As a note, please post the exact test results you obtained. Statement such as " ...the water parameters are good..." don't tell us anything. What seems good to you might indicate a major problem to someone else. Also, we don't know what parameters you didn't test for. It's possible you should be testing for other parameters.

DaveK's Standard Lecture #2 - Algae Control

Algae control comes down to controlling nitrates and phosphates. If you have a problem with algae it is because these two nutrients are out of control. Do not think that just because your test kits read zero or low values that you do not have a problem. In many cases the algae is removing the nutrients and growing. This is why there is a problem.

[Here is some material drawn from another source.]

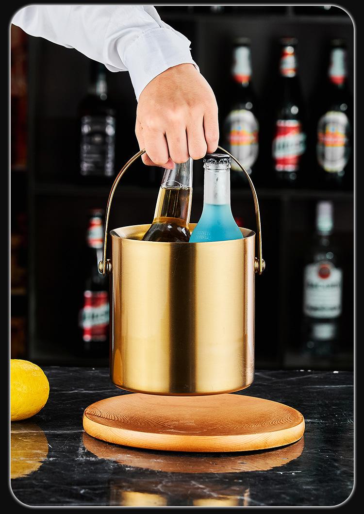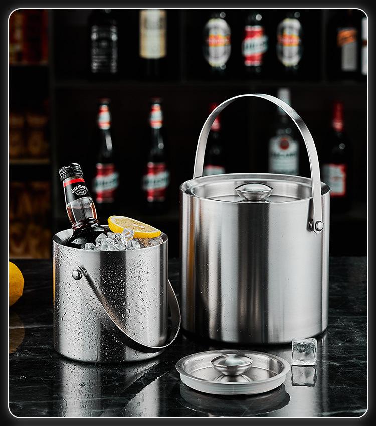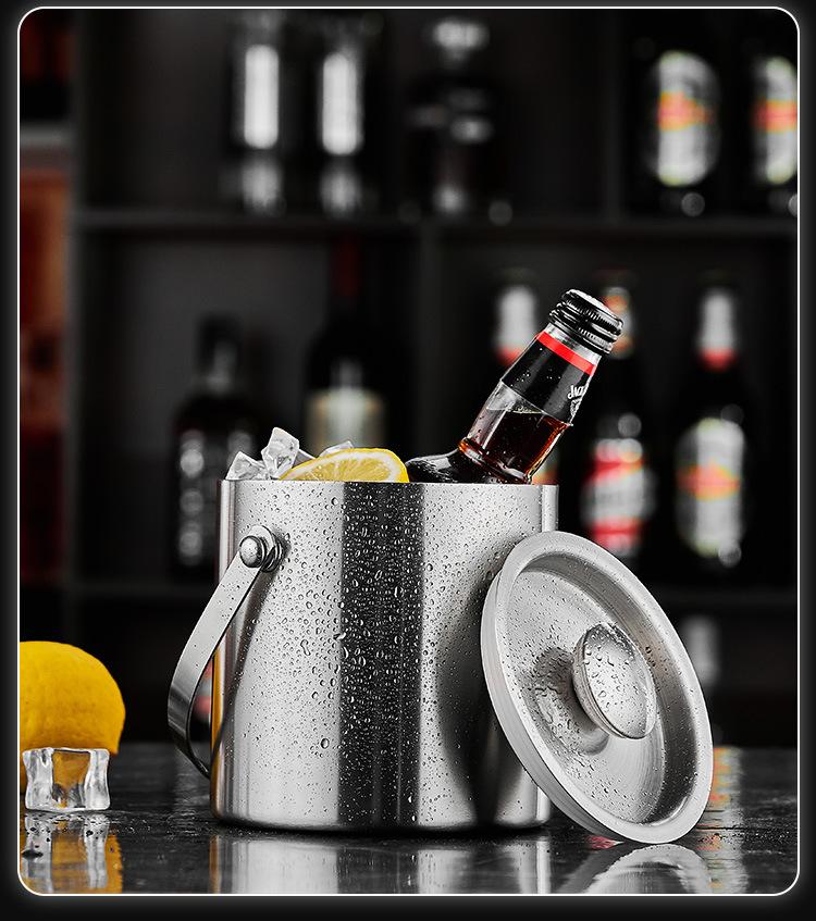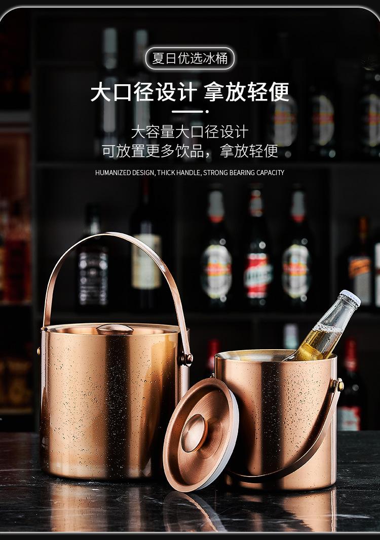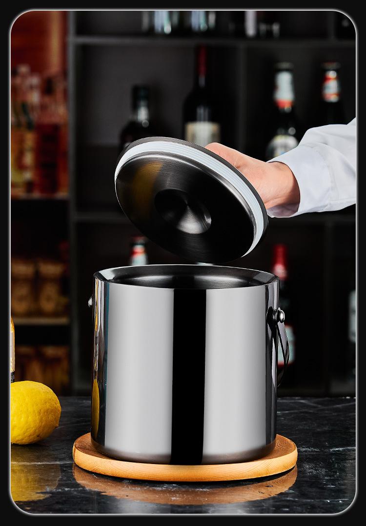 Cubo de hielo de acero inoxidable engrosado, con aislamiento de doble capa, para mantener el frío en barra, para uso comercial en KTV, para champán, cerveza helada y vino tinto.
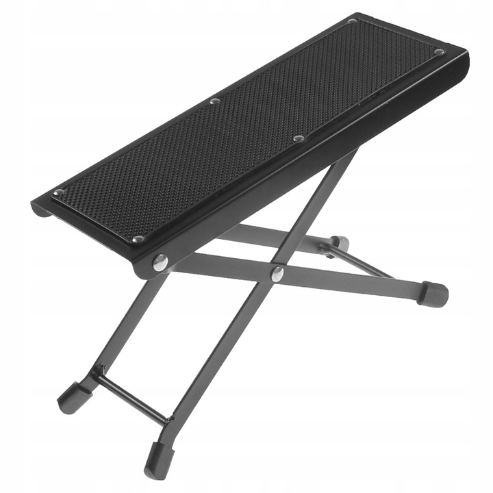 Удобная и прочная подножка для гитариста, в основном предназначенная для классических гитар, изготовлена из металла черного цвета. Имеет устойчивую конструкцию, а в верхней части имеет резиновую противоскользящую накладку на ноге.

Here are possible sources of nitrates and phosphates -

Feeding, especially flake food and not rinsing frozen foods before feeding.
Using tap water to mix salt. Always use RO/DI water for this.
"Dirt traps" and "nitrate factories" in the system.
Low quality carbon can leach nutrients.
Low quality salt can sometimes add nutrients. This is unusual today.
Livestock load on the system

Here are possible ways to remove nitrates and phosphates -

Water changes. Change 1/2 the water and you reduce the nutrients by 1/2.
Skimming. Remove the waste products before the biological filtration need to break then down.
Nitrate and phosphate removal products.
Deep sand beds.
Refugiums.
Algae Scrubbers.

Each of these has advantages and disadvantages. Most people that control algae will use many of the above methods.

There are also other items that can effect algae growth rates.

Good clean up crew.
Other livestock that eats algae.
Low general water quality, especially when the readings are off.
Lighting, sometimes you can reduce it, especially in FO or FOWLR systems.
Old light bulbs. Colors change as they age and this can be a factor.
Water flow. More flow will often help keep algae down.
Manual removal. Very important, especially when there is a big problem.
 
Since you are using the triton method, are you submitting your ICP-OES tests to them? Their email that includes your test results should indicate any issues and instructions on how to fix using the Triton method.

If not, you can use manual removal of the algae and any of the store bought remedies to reduce NO3 & NO4 but most importantly you need to identify the reason for high nutrients. What's your current filtration? Are you using filter socks and are they cleaned regularly? Also, related back to the triton method, are you doing water changes (how much/frequency)?
No I’m not currently submitting my ICP-OES tests I’m definitely going to submit onthis week as my redsea test kits aren’t showing anything.

filtration consists of 2 large filter socks cleaned weekly
Deltec SC 2560 internal protein skimmer cup cleaned weekly.
140L Chaeto algae bed with
Water changes are done every 2 to 3 weeks
20%

When I brought a water sample to my local fish store I was told to increase the nitrates and phosphates for the corals as they said my nutrients Were near zero.
 

DaveK

Well-Known Member
... When I brought a water sample to my local fish store I was told to increase the nitrates and phosphates for the corals as they said my nutrients Were near zero.
In my opinion, your LFS is mistaken. The reason your nitrates and phosphates are low is because your algae is consumeing them and in turn growing. Addind this nutrients will only make the problem worse.

In SW reef systems, you almost never need to add nitrates or phosphates.